The stock has surged above its 200-day EMA level for the first time since October 2024. The major trend of the stock is bullish. However, the daily RSI is currently quoting at the 88 level, which is an extremely overbought condition. Hence, we believe it is likely to slide into the period of consolidation before the next round of upward rally.
Trent and BEL have made their way in the Sensex as part of the rejig. Do you recommend any positions there?
Trent: The stock is in the sideways zone, and it is trading below its 100 and 200-day EMA levels. Going ahead, any sustainable move above the level of Rs 5,600-5,650 will lead to a sharp upside rally in the stock.

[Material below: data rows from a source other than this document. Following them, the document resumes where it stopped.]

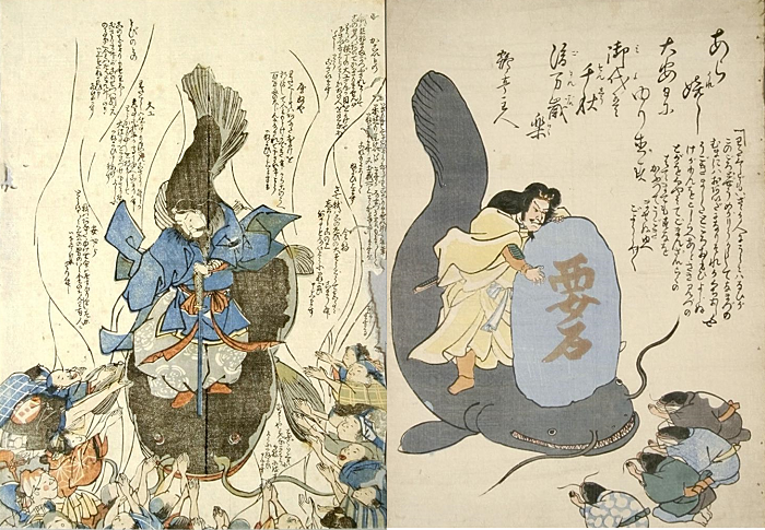 ①要石(かなめいし)は、境内東方に位置する霊石。地上では直径30cm・高さ7cmで、形状は凹型。地震は地中に棲む大鯰(おおなまず)が起こすものと考えられていたため、要石はその大鯰を押さえつける地震からの守り神として信仰された。
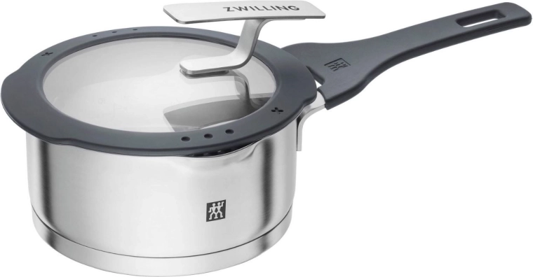 De vijfdelige set ZWILLING Simplify combineert een elegant design, hoge duurzaamheid en doordachte functies voor dagelijks koken. Glazen deksels met siliconen rand sluiten stevig, hebben een geïntegreerde zeef voor snel afgieten en kunnen verticaal worden bevestigd aan de rand van de pan – minder druppels op het aanrecht en meer ruimte tijdens het koken.
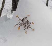 ○見られたもの:「植物」シナノキ、ドイツトウヒ、トドマツ、エゾマツ、アカエゾマツ、ヤドリギ、ノリウツギ、イワガラミ、ツルアジサイ、ミズキ、コクワ、ツルウメモドキ、シラカンバ、ケヤマハンノキなど 「野鳥」ヒヨドリ、アカゲラ、コゲラ、シジュウカラ、ヤマガラ、ハシブトガラ、ヒガラ、ゴジュウカラ、エナガ、ウソ など 「その他」 エゾリス足跡、テン足跡、キツネ足跡など |
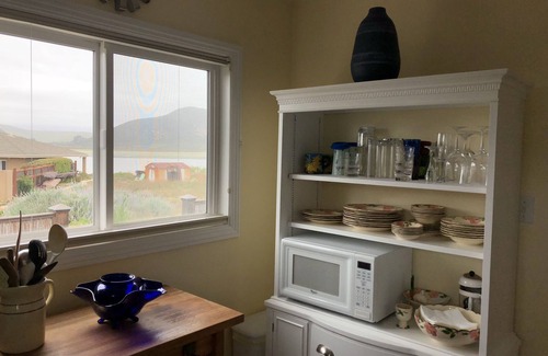 After WWII, my Aunt Millie (a nurse during the war in the Pacific) moved an 800 square foot cottage down to the waterfront, pioneering the community of Baywood Park. She placed her home in the middle of sand dunes across from the estuary and had the help of my grandfather and uncle making a gem of a cottage. Aunt Millie's great nephew built the central enjoyable feature of the home - the wood deck overlooking the bay. This is the favorite feature of the home for outdoor living. It overlooks the estuary, the changing tides and comings and goings of a great many birds. During the migratory season, wake up to the cooing of the birds on the bay.
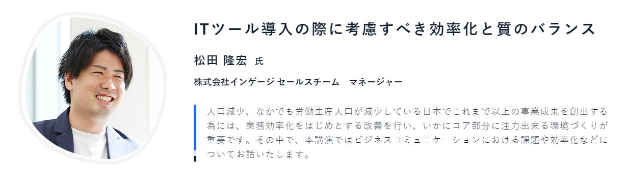 講演概要: ITツール導入の際に考慮すべき“効率化”と“質”のバランスについてお話をさせていただきます。また、業務効率化の必要性やツール導入をする際に注意すべきポイントについてもお話いたします。

BEL: The stock is in an extremely overbought zone, and it is likely to slide into a period of consolidation before the next round of upward rally.
Does there seem to be any relief for IndusInd Bank shares after the Q4 results, but not forgetting the recent headlines made by the company?

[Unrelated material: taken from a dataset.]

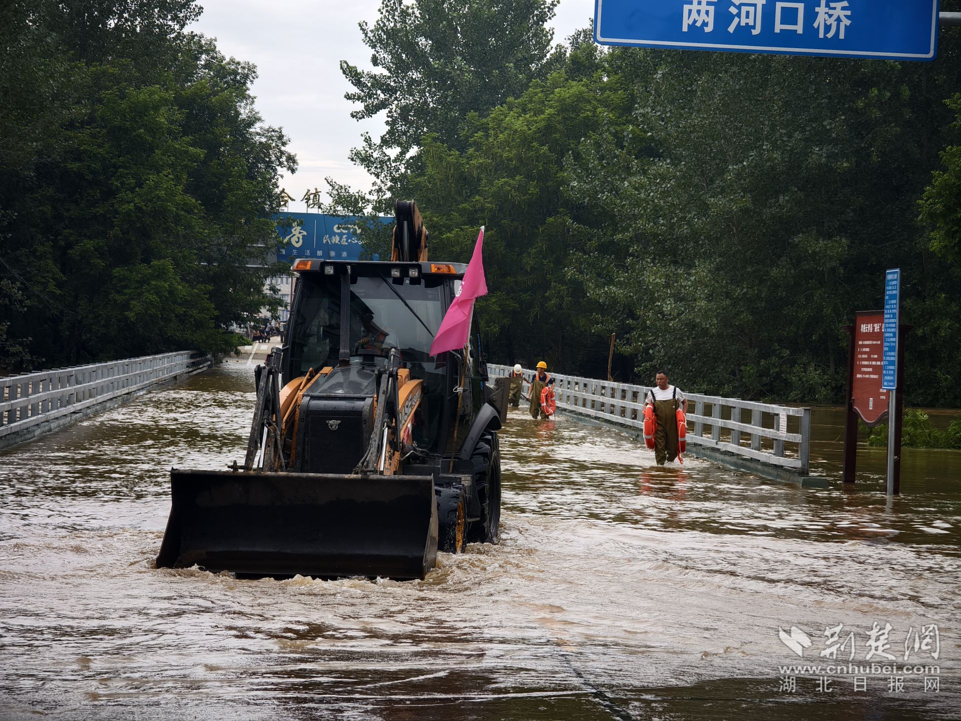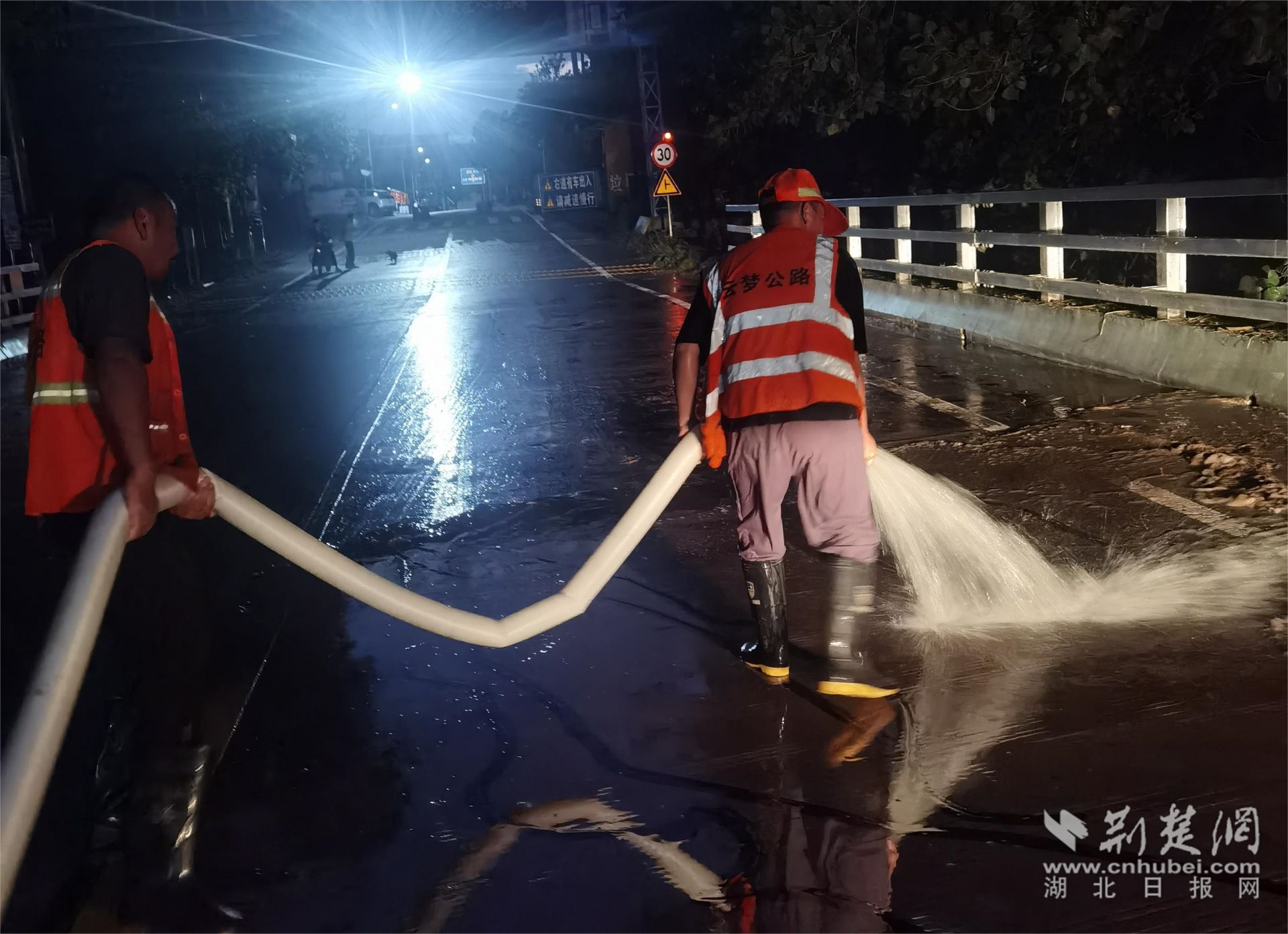 荊楚網(wǎng)(湖北日?qǐng)?bào)網(wǎng))訊(通訊員王紅霞)7月15日19時(shí)30分,S420清兩線(xiàn)兩河口大橋水位回落至橋面以下,云夢(mèng)縣公路事業(yè)發(fā)展中心迅速組織養(yǎng)護(hù)職工對(duì)橋面進(jìn)行泥漿沖洗保潔,經(jīng)過(guò)半個(gè)小時(shí)的緊張作業(yè),至20點(diǎn)零5分,兩河口大橋全面開(kāi)放,暢通無(wú)阻。

The stock has been in sideways since the last couple of trading sessions. Hence, we recommend avoiding this stock for now.
Any other sectors & stocks well poised for trading?
Nifty Bank, Nifty Private Bank, and Nifty Financial Services are all approaching a consolidation breakout, indicating potential outperformance in the short term. Apart from this, sectors like Nifty CPSE, PSE, Insurance, and Capital Markets are expected to continue their outperformance in the near term.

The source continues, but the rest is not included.